To estimate the total amount of freely available neural data, we analyzed datasets available on three major data repositories: DANDI [725], OpenNeuro [719] and iEEG.org. For iEEG, we used a script to scrape recording length information from the HTML source of website. For DANDI datasets, we used the DANDI Python client to access Neurodata Without Borders [726] files, leveraging partial downloads to minimize data transfer. Extracted metadata included recording modality (e.g. calcium imaging or electrophysiology), subject species, number of recorded neurons, and recording duration for each file. The resulting data was then processed to standardize species and recording technology nomenclature, as well as to compute subject- and dataset-level statistics.

For OpenNeuro datasets, we used the OpenNeuro GraphQL API endpoint to identify and analyze datasets containing neuroimaging data. We then retrieved session metadata for BIDS-formatted [727] recordings, extracting metadata such as recording modality (e.g. MRI, EEG, MEG etc) and number of subjects, using the accompanying event files to estimate the recording’s duration. The resulting data was then filtered to exclude likely artifacts, such as single sessions lasting more than four hours, and to compute dataset-level statistics.

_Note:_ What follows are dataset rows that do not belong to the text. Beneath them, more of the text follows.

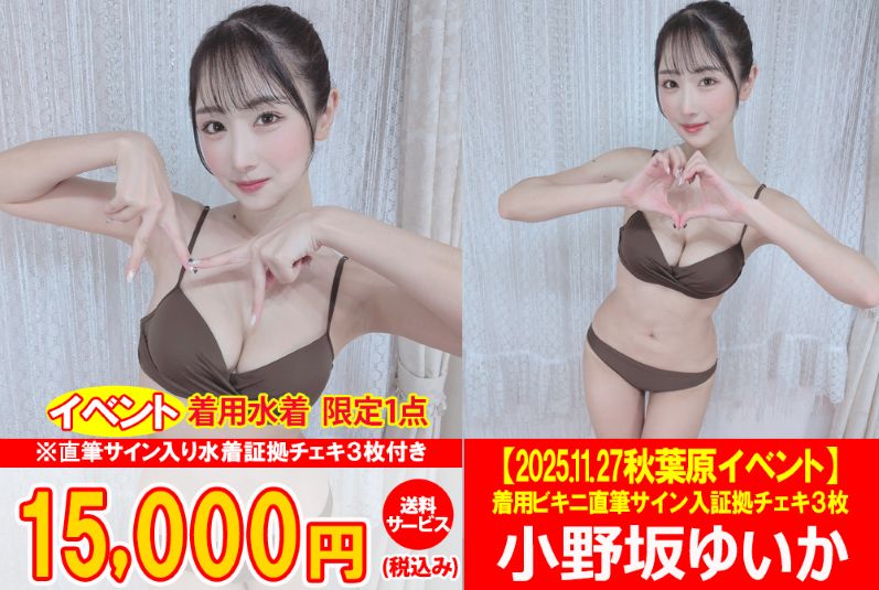 - 限定1点!「小野坂ゆいか」が秋葉原イベント時に着用したビキニ+直筆サイン入証拠チェキ3枚 ●限定商品につき、商品の返品、交換、キャンセルはお受けできません。必ずご確認、ご了承の上、ご注文下さい。 ●商品はなくなり次第終了となります。●発送の準備が出来次第、随時発送致します。≪注≫当商品は、上着、DVDは付きません※12/5(金)0:00予約開始!!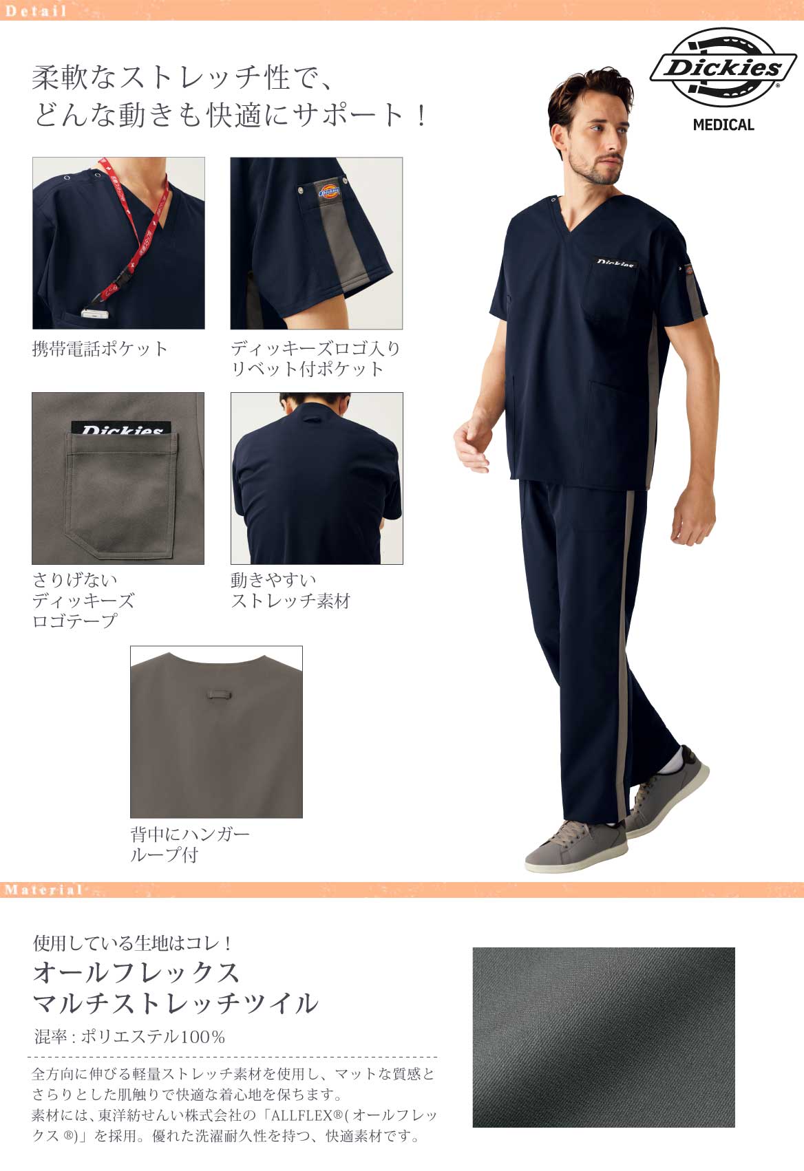 デザイン性と実用性を両立した、ディッキーズならではの多機能スクラブです。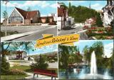 Ansichtskarten sind heute, da man WhatsApp, Instagram oder Ähnliches benutzt, um Bildergrüße aus Orten, die man besucht oder an denen man lebt, zu versenden, ja eine aussterbende Spezies. Vor 50 Jahren war das noch anders. Auf unserer Karte findet man neben der eben erst fertiggestellten, modern gestalteten Pfarrkirche St. Sebastian einen Blick das Ehrental hinunter auf den Oberdorfer Weg zu mit ihrer ebenfalls moderner Wohnbebauung, einen Blick von der kleinen Grünanlage auf dem sog. „Dreieck“ auf die Einmündung der Friedrichstraße, noch ohne das spätere Sparkassengebäude, sowie natürlich den Blick auf den zu allen Zeiten als Ansichtskartenmotiv beliebten Brunnenpark. Dort, wo es nicht genug bunte Blümchen gab, wurden diese nachträglich in die Fotos hineingetupft. Schöne, oder durchaus auch geschönte, „gephotoshoppte“ Bilder dieser Art werden indes auch heute gerne verschickt.
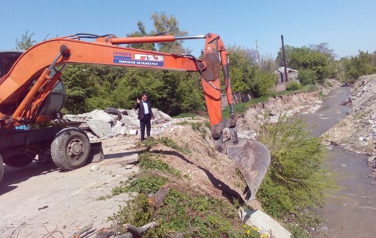 The head of the Pervomaisky district administration Askerbek Aliyev together with the head of the District Department of the Ministry of Emergency Situations S. Chonoev got acquainted with the progress of the shore protection works in Ala-Archa riverbed and the work on padding the roads in Zavodskoy settlement.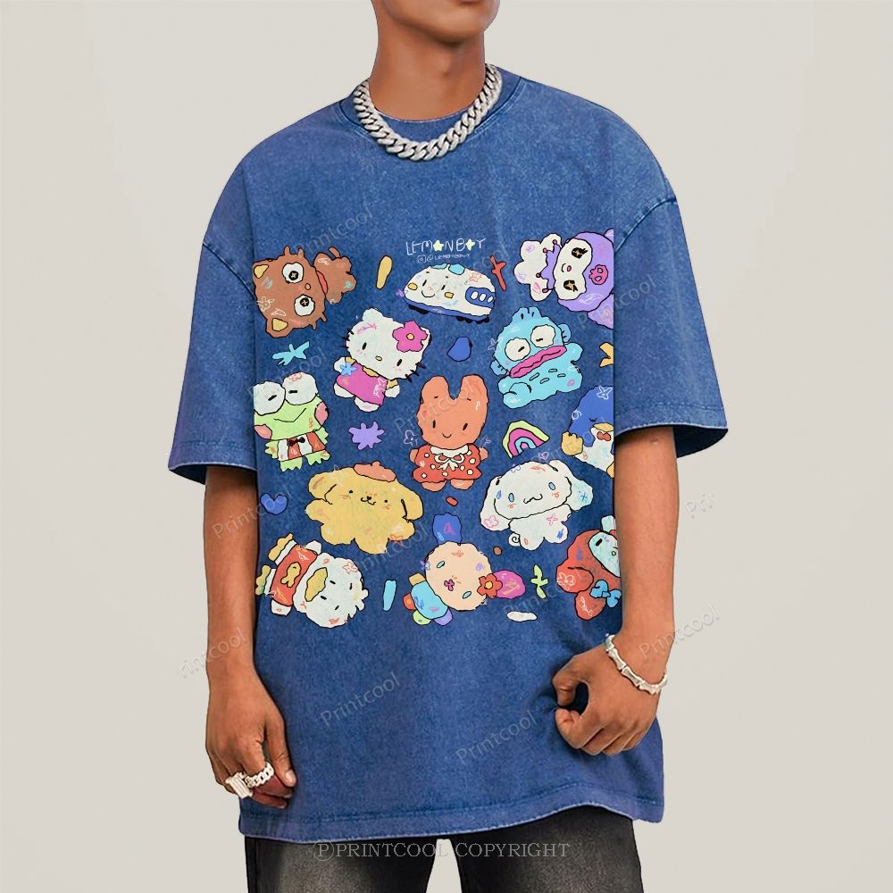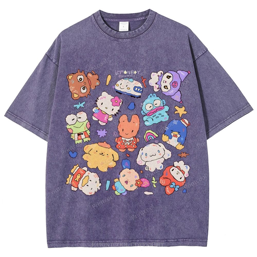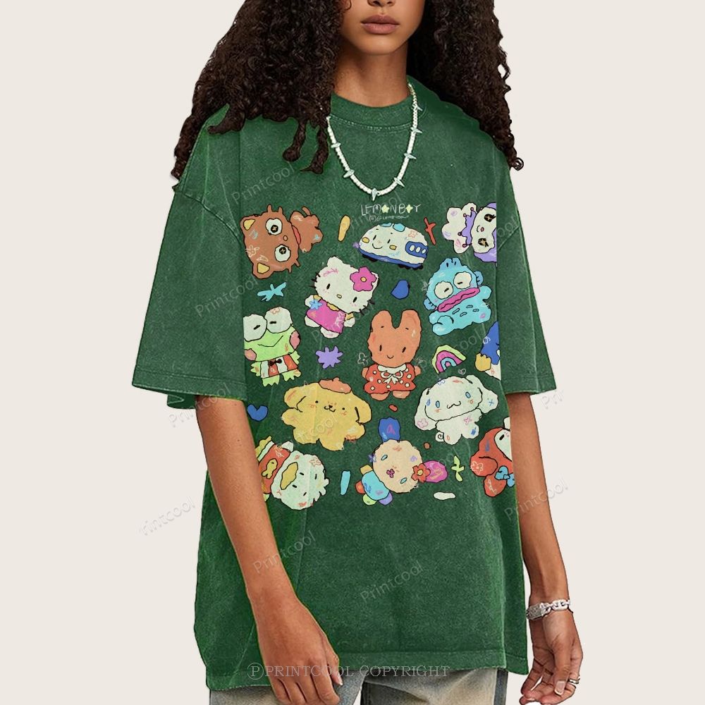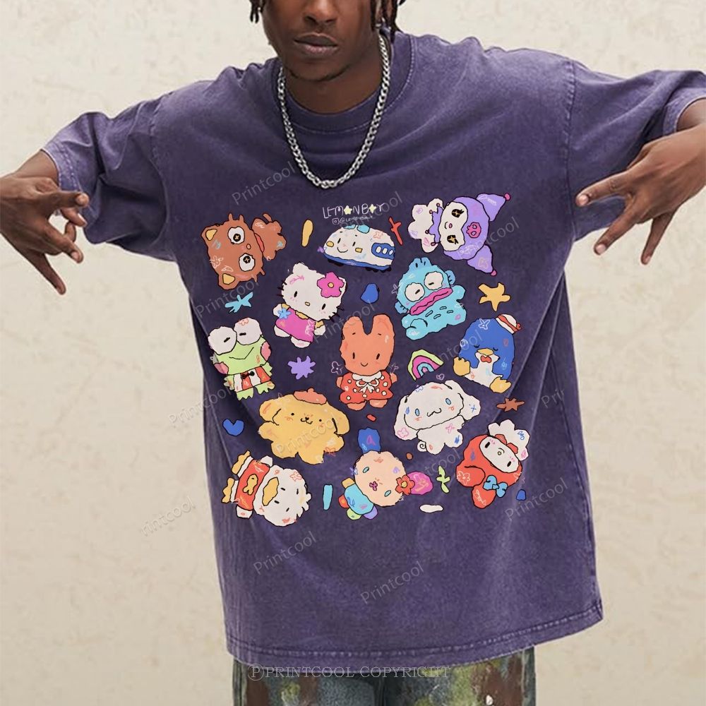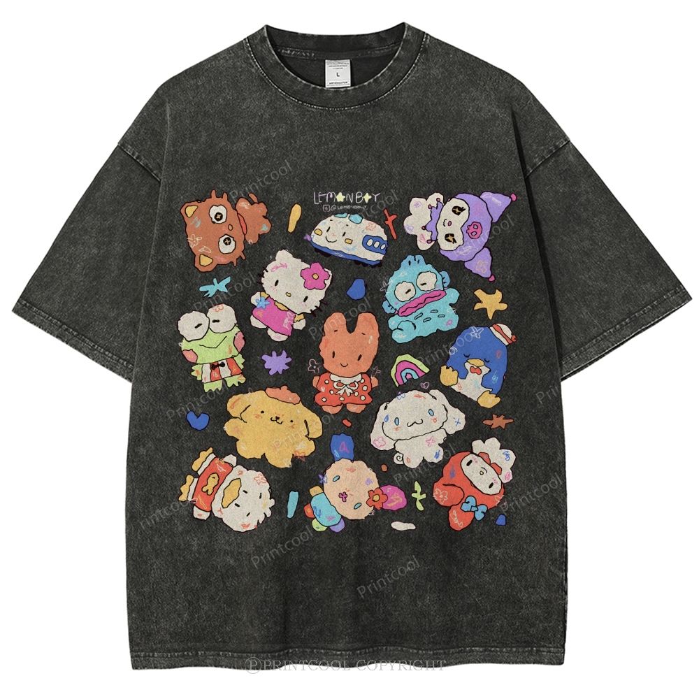 Cute Sanrio Mascot Extravaganza Unisex Vintage Washed Tee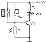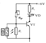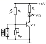 6、学了电子控制技术后,小杨和小明打算在各自的家门上安装门控夜明灯电路,实现光线暗时打开门,灯自动点亮,光线亮时,即使门打开,灯也不会亮。小杨用三极管电路来实现以上功能,以下电路恰当的是( )A、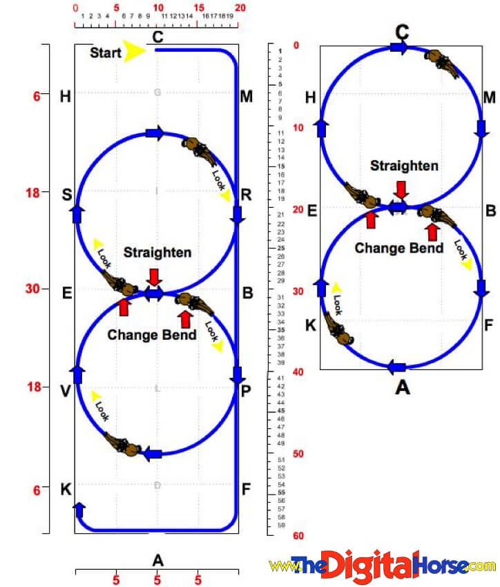 As I’ve mentioned, Kiss struggles with balance. The goal for us is to get to a more balanced and even-tempo-ed state through lots of half halts and working on various types of circles. Today, we worked on Figure 8s, which is basically riding two circles, switching directions in the middle.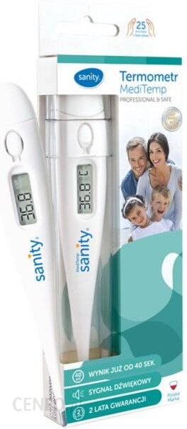 INFORMACJETermometr elektroniczny MediTemp Sanity służy do szybkiego i bezpiecznego pomiaru temperatury. Polecany dla całej rodziny jako świetna alternatywna dla termometrów szklanych. Wynik pojawia się już od 40 sekund od początku pomiaru, w zależności od wybranego sposobu mierzenia temperatury. Krótki czas pomiaru oraz wysoka dokładność sprawiają, że MediTemp sprawdza się w trudnych sytuacjach, gdy konieczne jest monitorowanie temperatury.Właściwości:sygnał dźwiękowy na koniec pomiarufunkcja automatycznego zapisania ostatniego wynikuwskaźnik wymiany baterii na wyświetlaczuautomatyczne wyłączanie: 8 minut ± 2 minutytrwałość baterii: ponad 200 godzin ciągłego działania2 lata gwarancjiPomiaru można dokonać doustnie, rektalnie lub pod pachą. Aby włączyć urządzenie, naciskamy przycisk włączenia / wyłączenia. Termometr powinien wydać krótki sygnał dźwiękowy i przez 2 sekundy wyświetlić test wyświetlacza.Następnie wyświetli się ostatnio zmierzona temperatura ze znakiem „M” w prawym rogu.Na wyświetlaczu pojawi się wskazanie 37,0°C (lub 98,6°F).Gdy wyświetlacz pokaże „Lo” i migającą jednostkę °C (°F), to oznacza, że termometr jest gotowy do pomiaru temperatury.Gdy termometr zakończy pomiar, rozlegnie się sygnał dźwiękowy, a następnie zostanie wyświetlony wynik.Aby wyłączyć termometr, naciskamy przycisk włączenia / wyłączenia (termometr wyłącza się automatycznie po około 10 minutach bezczynności).Termometr powinien być używany tylko pod nadzorem osoby dorosłej.Nie wolno chodzić, biegać i rozmawiać podczas pomiaru temperatury.Światło słoneczne, pył lub wilgoć szkodzi urządzeniu, więc należy unikać skrajnych temperatur i warunków przechowywania.Termometr nie powinien być narażony na żadne wstrząsy.Nie demontować elementów termometru, z wyjątkiem procedury wymiany baterii.Przed i po każdym stosowaniu należy przetrzeć termometr miękką ściereczką z alkoholem izopropylowym rozcieńczonym wodą.Zakres pomiarowy: 32,0°C (89,6°F) ~ 42,9°C (109,2°F)Dokładność pomiaru: ± 0,1°C (0,2°F) w zakresie 35,0°C (95,0°F) ~ 39,0°C (102,2°F), inny zakres: ± 0,2°C (0,4°F)Sygnalizacja dźwiękowa stanu gorączki ≥ 37,8°C (100,0°F): 30 krótkich sygnałów dźwiękowych w ciągu 10 sekundSygnalizacja dźwiękowa normalnej temperatury < 37,8°C (100,0°F): 10 długich sygnałów dźwiękowych w ciągu 10 sekund
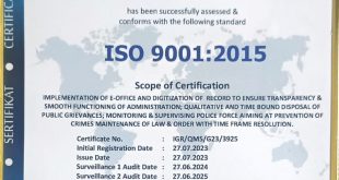 अवनीश कुमार मिश्रा सीएमडी न्यूज़ ब्यूरो चीफ बस्ती। अपर पुलिस महानिदेशक गोरखपुर जोन गोरखपुर अखिल कुमार द्वारा परिक्षेत्रीय कार्यालय का भ्रमण किया गया। अपर पुलिस महानिदेशक गोरखपुर जोन गोरखपुर अखिल कुमार द्वारा पुलिस महानिरीक्षक बस्ती परिक्षेत्र आर0के0भाऱद्वाज को आई0एस0ओ0 सर्टिफिकेट प्रदान किया गया। यह प्रमाण पत्र बड़ी बड़ी कारपोरेट कम्पनियों …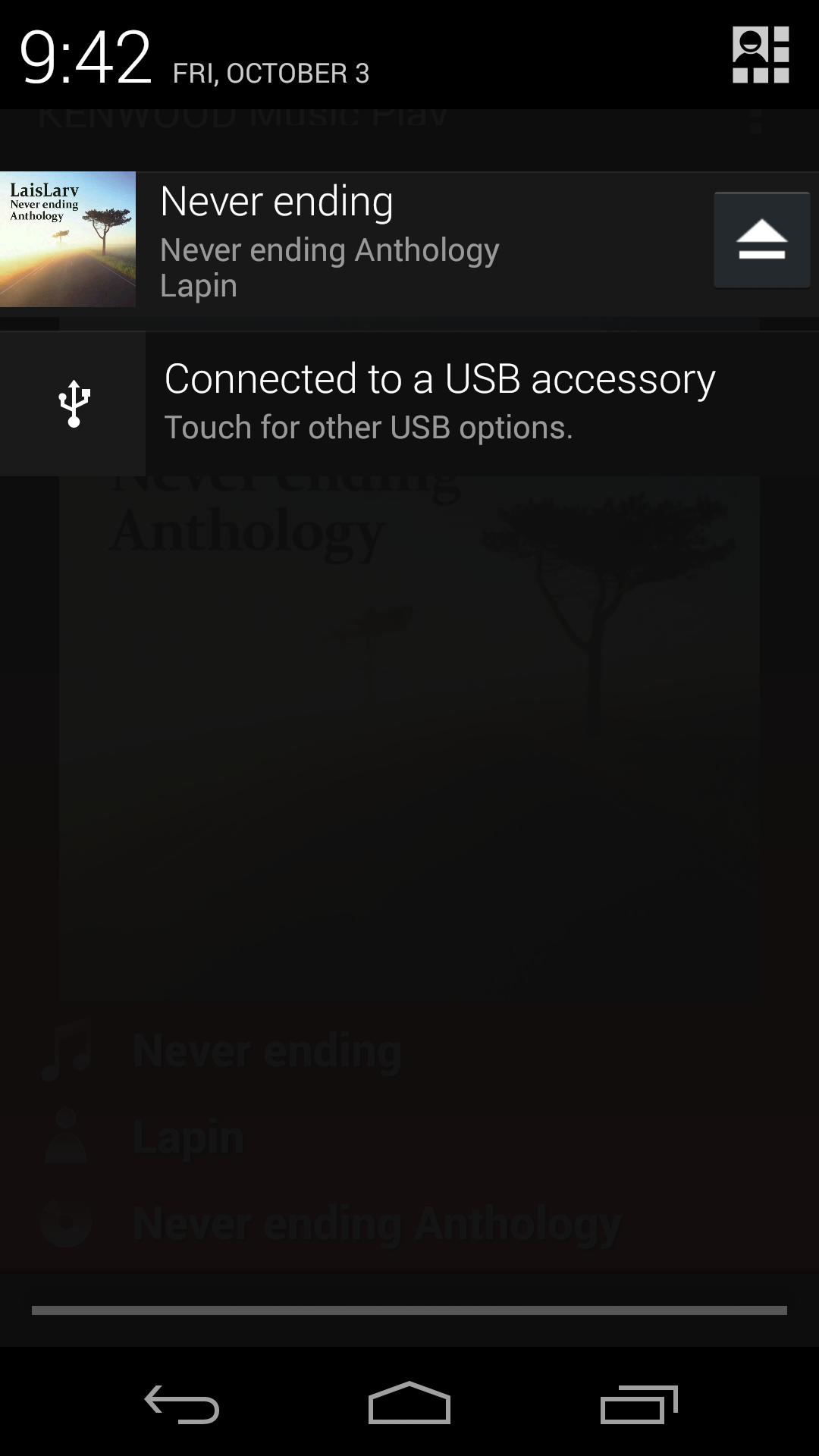 Even if the Android device of OS 4.1 to 7.x does not support USB Mass Storage Class, you can enjoy the music with KENWOOD car-audio receiver. Play or search for music with the KENWOOD car-audio receiver, and check the playing music’s information on your Android device.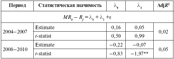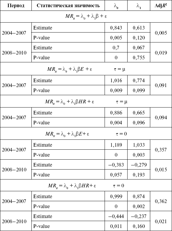 Рассмотрение объяснительной способности (cross-sectional analysis) различных спецификаций САРМ показало, что объяснительная сила традиционного бета-коэффициента находится на уровне 0,5 % (R2 = 0,005 в однофакторной регрессии по недельным значениям доходности). На отрезке с 2008 по 2009 г. объяснительная способность еще меньше. Замена в однофакторной модели традиционного бета-коэффициента на односторонние меры риска (downside measures – ?Е и ?HR) повышает объяснительную способность, но только на периоде финансовой стабильности. Для периода финансовой нестабильности преимущества односторонних мер риска не выявляются (ни с какими значениями бенчмарка). Лучшей мерой по объяснительной способности для периода 2004–2007 гг. является односторонний бета-коэффициент Харлоу – Рао (HR-бета) с бенчмарком (target return), равным нулю ? = 0 (R2 = 36,2 %) (см. табл. 9.18).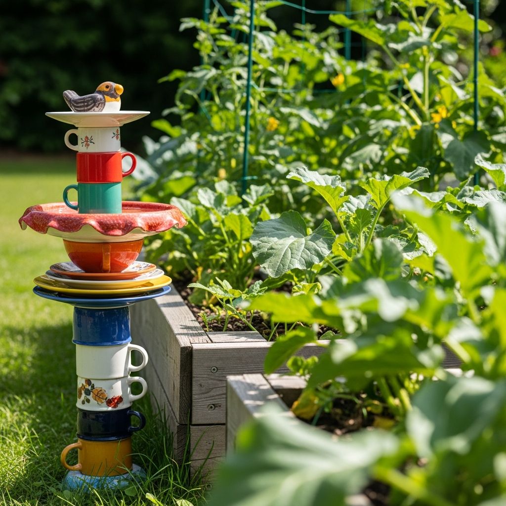 I found a collection of mismatched ceramic mugs and plates at the dollar store and decided to go for an ‘Alice in Wonderland’ vibe. By stacking and gluing them in an asymmetrical tower, I created a playful pedestal. A wide soup bowl on top serves as the bath. It adds a pop of color and a touch of quirkiness to my vegetable garden that always starts a conversation with neighbors.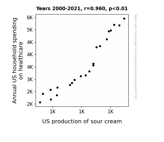 This means 92.1% of the change in the one variable (i.e., US production of sour cream) is predictable based on the change in the other (i.e., Annual US household spending on healthcare) over the 22 years from 2000 through 2021.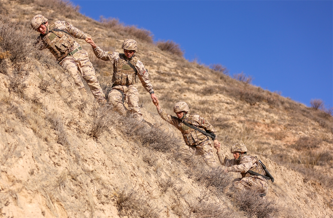 圖為官兵協(xié)作穿越復(fù)雜地形。

Given their outsized contribution to the total amount of available data, we manually validated the largest datasets in each repository, cross-referencing them against published papers, technical documentation and code repositories when available, and manually correcting them in case of discrepancies. Since many large-scale neuroimaging datasets are not hosted on these repositories, we supplemented this data with the UK Biobank [728], the 1000 Functional Connectomes Project [729], the Human Connectome Project [730], the Adolescent Brain Cognitive Development Study [731], the Healthy Brain Network [732], the Natural Scenes Dataset [430], the Courtois NeuroMod project [733, 734, 735], incorporating this information into our analysis.

We pulled the results of the vision leaderboard from brainscore.org using a script. We filtered the data on those models for which we had scores on 9 neural datasets: one from V1, one from V2, three from V4, and four from IT. The submission dates for the models are not listed, and we instead used the order in which each model was submitted as a proxy for the date of submission. We used seaborn to plot the results, using a quadratic model to fit the temporal trends separately.